Entre los alzados hay nervios de guerra al clarear la medianoche y es que para estas horas Atenco es ya un asunto de seguridad nacional, dicen los principales mandos policiacos del país. El rumor en el pueblo es que ahora no serán los policías estatales, sino el Ejército el que los reprimirá.
Por eso hay tanta alerta y suenan con frecuencia las campanas de la iglesia. A los más adormilados del pueblo, unos cohetones ayudan a despertarlos. “¡Ya vienen los federales, compañeros, vamos a organizarnos para darles en la madre!”, gritan líderes espontáneos.
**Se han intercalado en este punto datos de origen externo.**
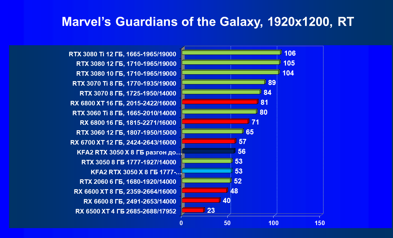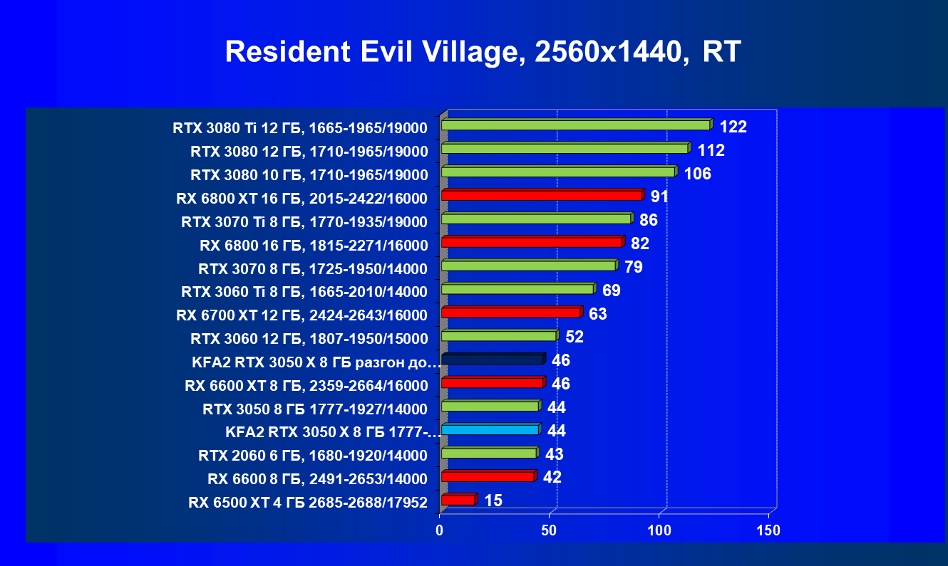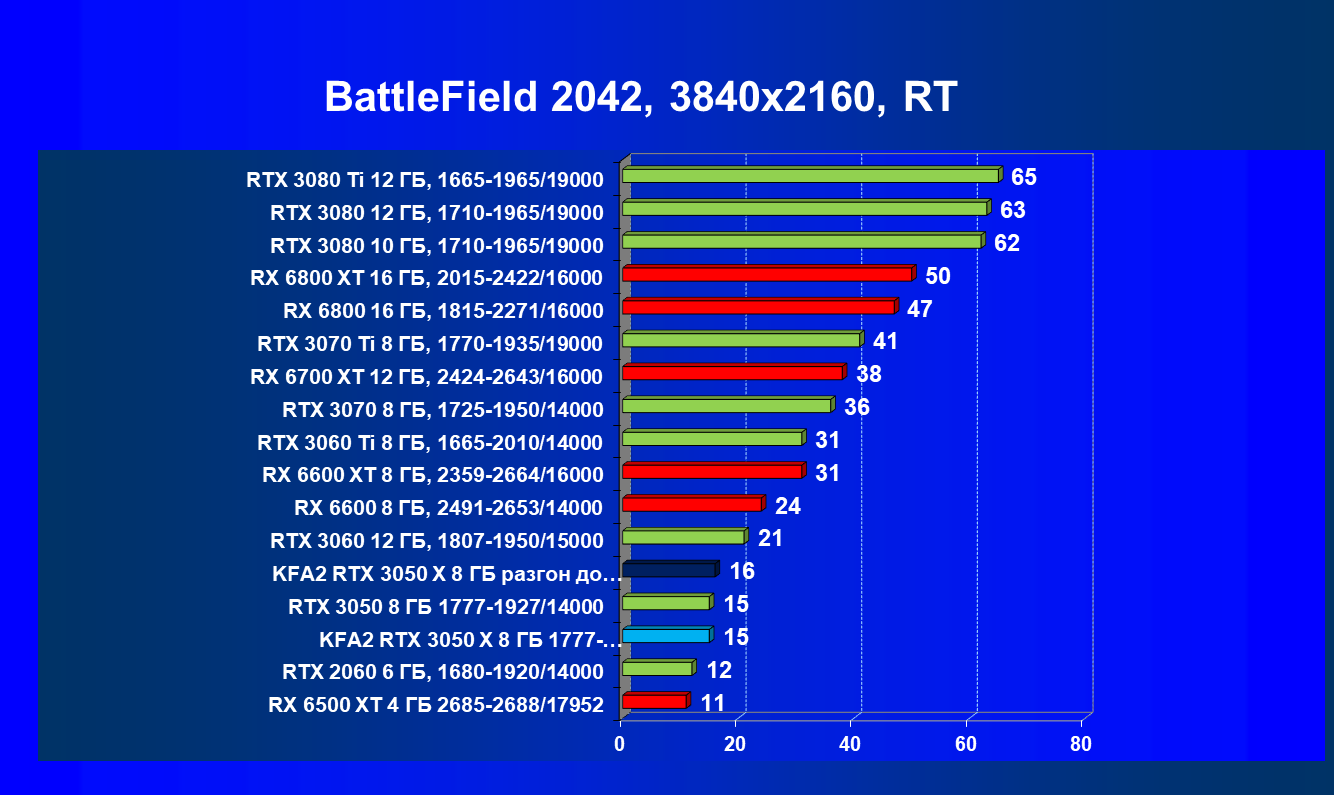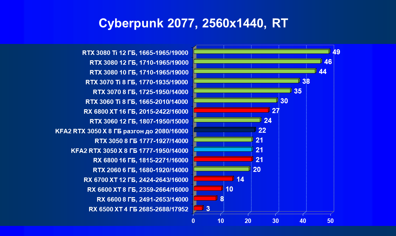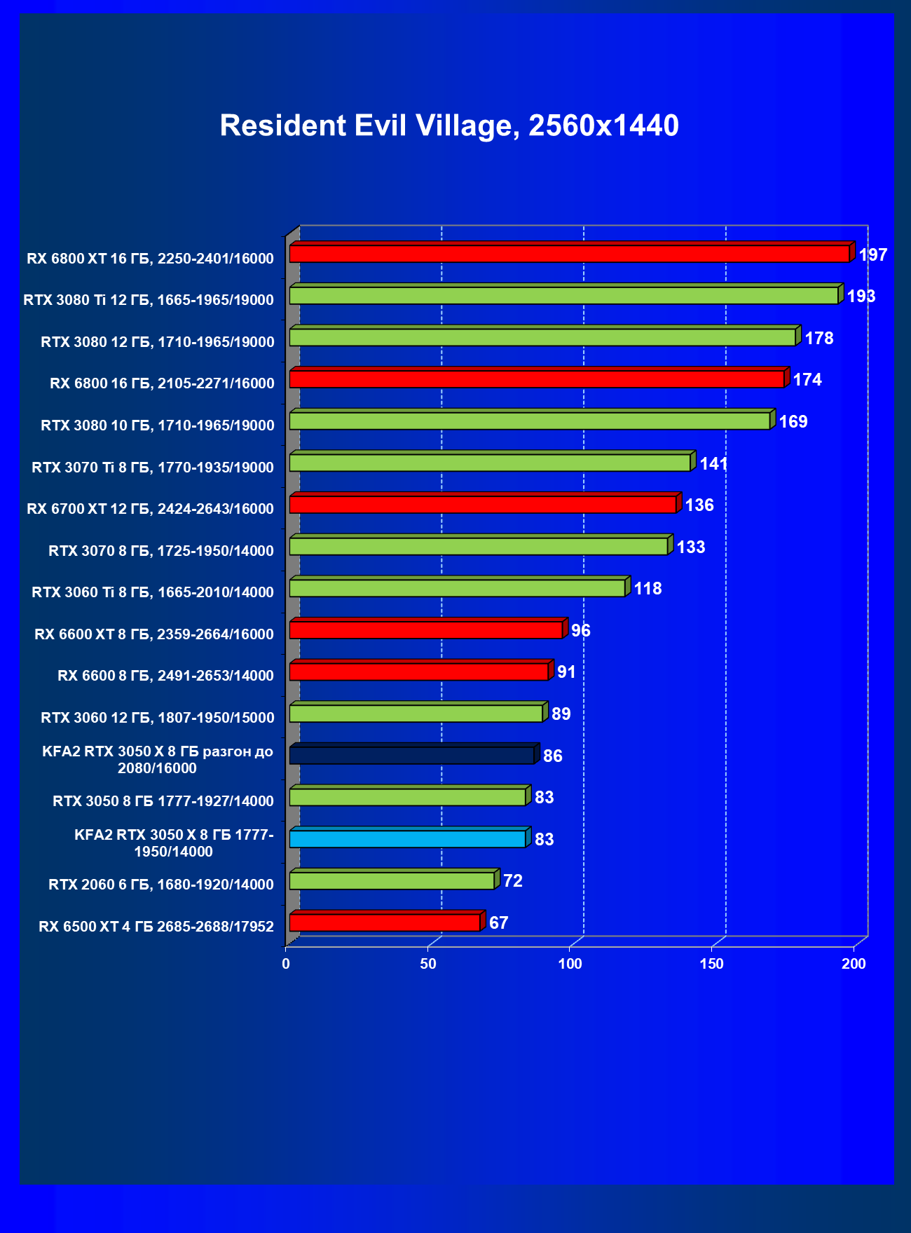 Результаты тестов в «классических» играх (без трассировки лучей) показали, что KFA2 GeForce RTX 3050 X находится на уровне между GeForce RTX 2060 и GeForce RTX 3060, обычно ближе к первому. При ручном разгоне производительность достигает видеокарты RX 6600, которая подороже.

“Los de Atenco” saben que serán reprimidos como nunca. Quizá por eso hasta deciden entregar a 8 de los 10 efectivos en cautiverio a la Cruz Roja. Nada cambiará eso el transcurso de las cosas durante las horas siguientes. La decisión está tomada.
En la planta baja están varios que como Ángel participaron en las movilizaciones estudiantiles de décadas anteriores. Ellos piden detergente y vinagre. Echan el químico debajo de la puerta, y detrás de las ventanas, luego mezclan sus orines con vinagre y derraman también el contenido por todos lados.
Los policías traen perros y los perros suben de frente a la planta alta por la escalera de metal delantera. Los perros no huelen el sudor de treinta personas en la planta baja. Por la escalera los policías jalan a los que se escondían arriba. Los bajan y los golpean. La gente en la planta baja escucha los gritos. Llevan a golpes a Mariana, la hija del Doctor Selvas. Mariana, un año después, sigue presa.
Un policía toca la puerta de la planta baja, pero nadie le contesta.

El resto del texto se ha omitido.